Tungsten contacts are a type of electrical contact material, with their primary chemical composition including the refractory metal tungsten along with copper, silver, and other metal elements. They exhibit excellent thermal, mechanical, and electrical properties, making them widely used in the power sector. Depending on their chemical composition, tungsten contacts can be classified into tungsten-copper (WCu) contacts and Silver Tungsten (AgW) contacts.
Silver Tungsten contact is materials formed by combining silver and tungsten, characterized by a structure where tungsten serves as the hard phase and silver acts as the binding phase, creating a two-phase pseudo-alloy.
In terms of physicochemical properties, AgW contacts showcase a “synergy of advantages” between silver and tungsten—they inherit tungsten’s traits such as high melting point, high density, high strength, high hardness, and low thermal expansion coefficient, while retaining silver’s benefits like low contact resistance and good electrical and thermal conductivity. Additionally, this material offers multiple practical properties: outstanding wear resistance to withstand long-term friction, strong heat resistance for high-temperature environments, good chemical stability with resistance to acid and alkali corrosion, and in electrical applications, excellent arc erosion resistance, anti-welding properties, and strong oxidation resistance, ensuring stable performance over extended use.
However, the properties of silver tungsten contacts are not fixed and are influenced by the silver-to-tungsten ratio.

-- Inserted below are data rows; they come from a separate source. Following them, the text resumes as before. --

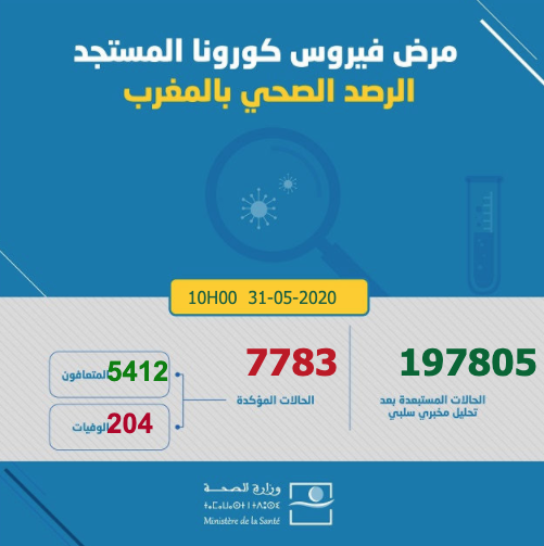 ارتفع عدد الإصابات بفيروس كورونا في المملكة المغربية اليوم الأحد 31 ماي 2020، إلى حدود الساعة العاشرة صباحا، إلى7783 حالة، حيث أفادت معطيات وزارة الصحة الرسمية تسجيل زيادة ب 3 حالات جديدة، ليرتفع إجمالي الإصابات التي تم تسجيلها إلى 7783 حالة مؤكدة.
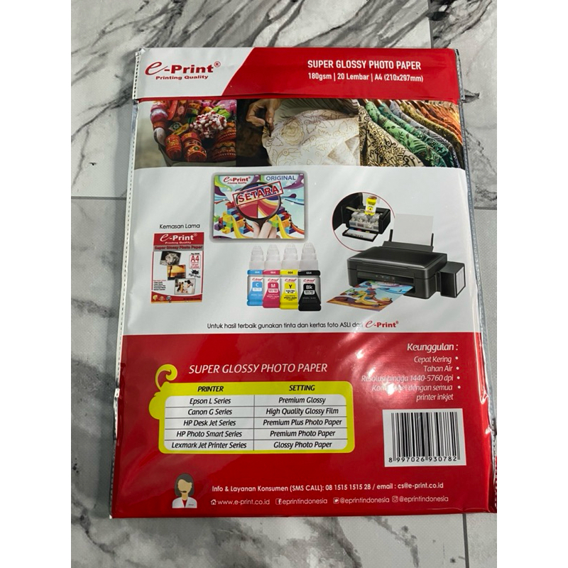 EPRINT KERTAS FOTO A4 180GSM - E-PRINT SUPER GLOSSY FOTO PAPER 180 GSM A4 20 LEMBAR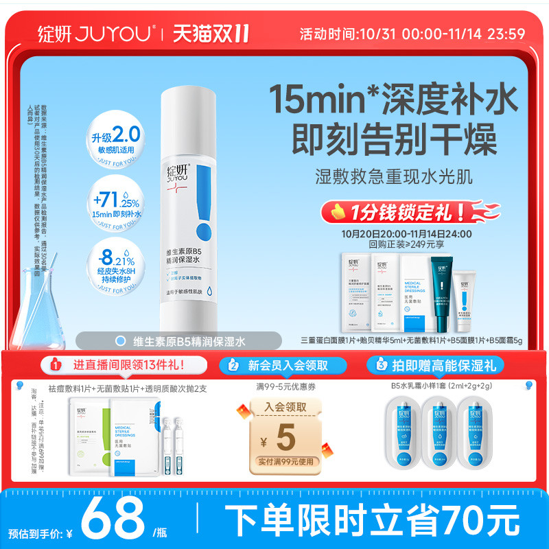 绽妍清透b5爽肤水 补水舒缓保湿水 湿敷修护精华水 滋润化妆水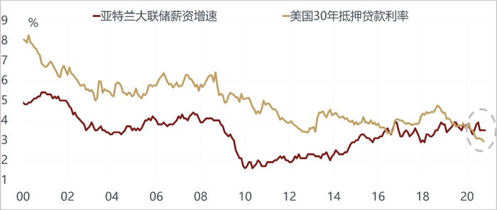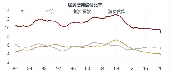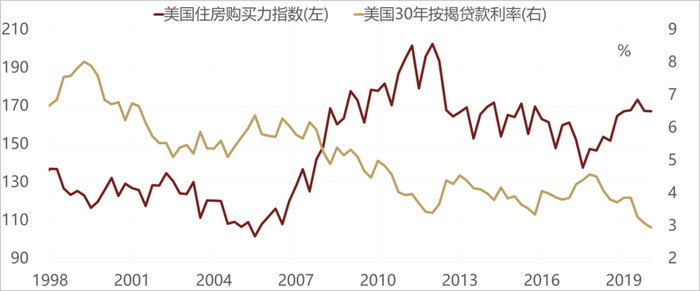 购买力方面,美国居民的杠杆率从2008年之后一直是回落的,现在美国居民的杠杆率在三大部门当中是最低的。居民的债务和收入的比例现在处在80年代以来的最低水平,债务负担已经很轻,美国按揭贷款利率已经跌破3%,已经低于美国正常薪资的增长速度,利率足够低,居民的购买力开始显著上升,一定能够把买房的意愿和冲动给刺激起来。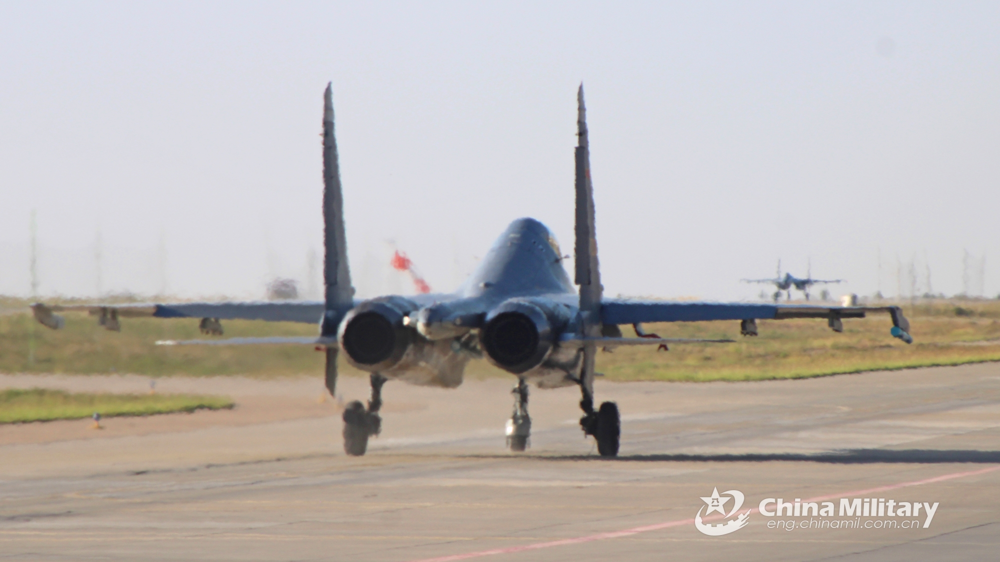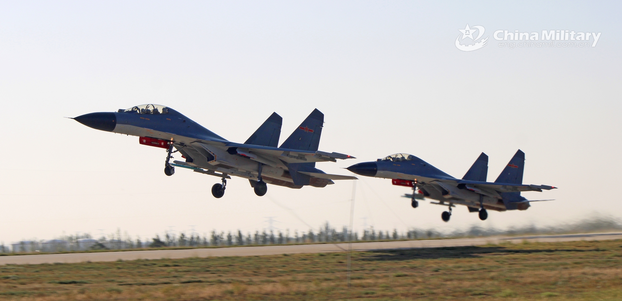 Two J-11 fighter jets attached to an aviation brigade with the air force under the PLA Western Theater Command take off in formation during a flight training exercise on September 21, 2023. (eng.chinamil.com.cn/Photo by Wang Shiying)

Generally, as the silver content increases, the alloy’s electrical and thermal conductivity improves, but its melting point, density, and hardness decrease. For example: AgW30 has a density of 11.8–12.2 g/cm3 and hardness of 75 HB; AgW55 has a density of 13.6–13.9 g/cm3 and hardness of 115 HB; AgW70 has a density of 14.7–15.1 g/cm3 and hardness of 150 HB; AgW80 has a density of 16.1–16.5 g/cm3 and hardness of 180 HB.

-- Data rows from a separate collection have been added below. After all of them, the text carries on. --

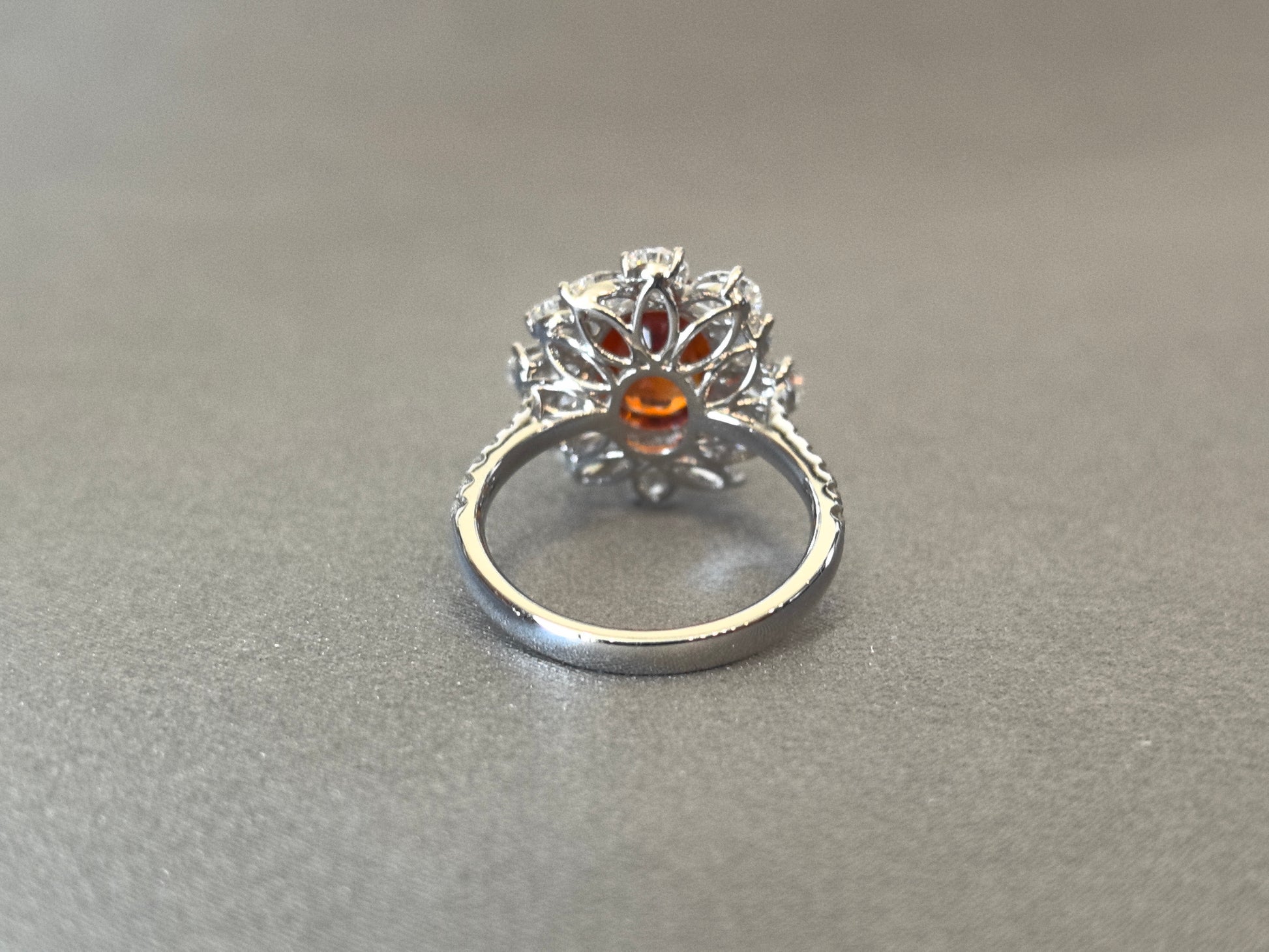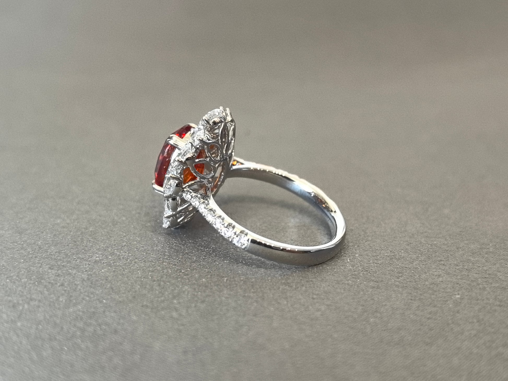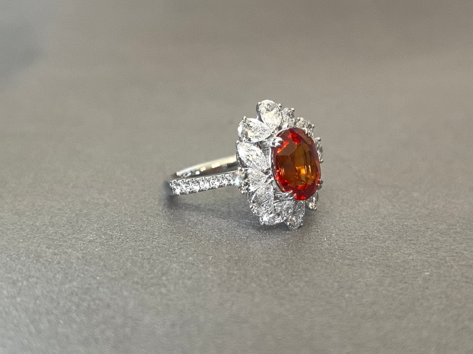 3.8ct 5.7g Oval Vivid Orange Padparadscha Sapphire Ring | Pear & Marquise Diamond Halo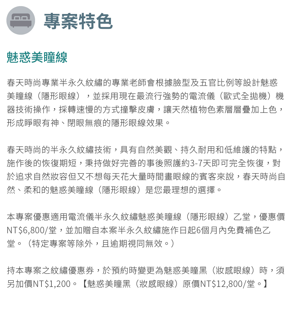 台北大安區【春天時尚】魅惑美瞳線(隱形眼線)NT$6,800乙堂優惠券(MO)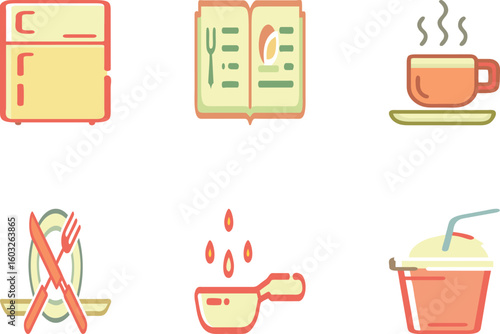 food, kitchen, eatery, cooking, dining, set, collection, graphic, design, flat, style, refrigerator, refrigerator, appliance, cookbook, receipe, book, menu, hot drink, cup, hot, drink, beverage, cutlery, fork, knife, plate, meal, eating, straw, smoothie, juice, liquid, steam, isolated, white, background, simple, modern, clip art, symbol, element, theme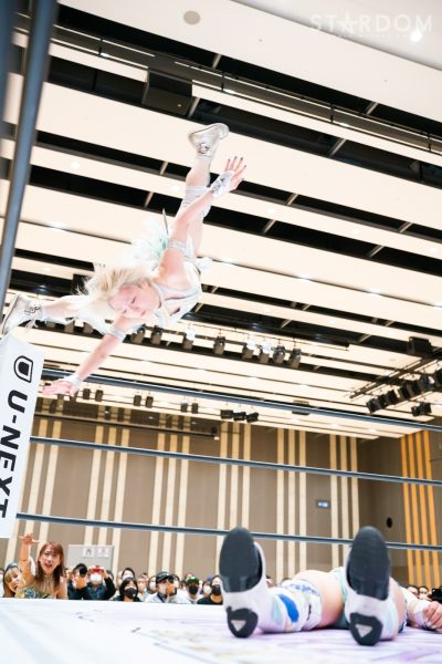 林下詩美&上谷沙弥&&天咲光由組のクイーンズクエストとなつぽい&白川未奈&月山和香組のコズミックエンジェルズによる6人タッグマッチ。4・23横浜アリーナで行われる上谷と白川の前哨戦であると同時に。3・25横浜で待望の初勝利を挙げた月山にはコズエン残留を決めて最初のユニット戦でもある。3・25横浜翌日のシンデレラ・トーナメントでは急きょ抜擢され1回戦突破、シングル初勝利まで挙げた月山が“3連勝”となるか。上谷と白川の駆け引きを中心に見どころ豊富な試合となりそうだ。

The production process for silver tungsten contacts involves the following steps: first, a precursor solution containing silver is thoroughly mixed with a sodium tungstate solution, followed by the addition of acid to adjust the pH of the mixture; next, a reducing agent is added to the adjusted solution, generating silver powder coated with a tungsten-based sol through a reaction; finally, the prepared silver powder is heat-treated in a reducing atmosphere to produce the target AgW contact. This production method involves an initial combination of silver and tungsten via a solution reaction (in the form of sol coating), followed by structural consolidation through heat treatment. This approach, typical of powder metallurgy composite material preparation, ensures uniform bonding of the silver and tungsten phases.
In terms of applications, silver tungsten contacts are core components in various electrical devices, widely used in relays, contactors, load switches, electrical switches, and instrumentation. Their role is to connect circuits, carry current, and interrupt current under normal or fault conditions—functions critical to the stability and reliability of equipment operation. Specifically, in relays, they act as the “executors” of circuit switching commands, ensuring accurate implementation of control logic; in instrumentation, they serve as “stabilizers” for current transmission, ensuring efficient and stable current signal delivery to support measurements. The ability of Silver Tungsten contacts to excel in these scenarios stems from their arc erosion resistance and anti-welding properties, enabling them to maintain structural and performance stability even under high-frequency current switching or complex conditions, thus providing robust support for the continuous and safe operation of various electrical devices.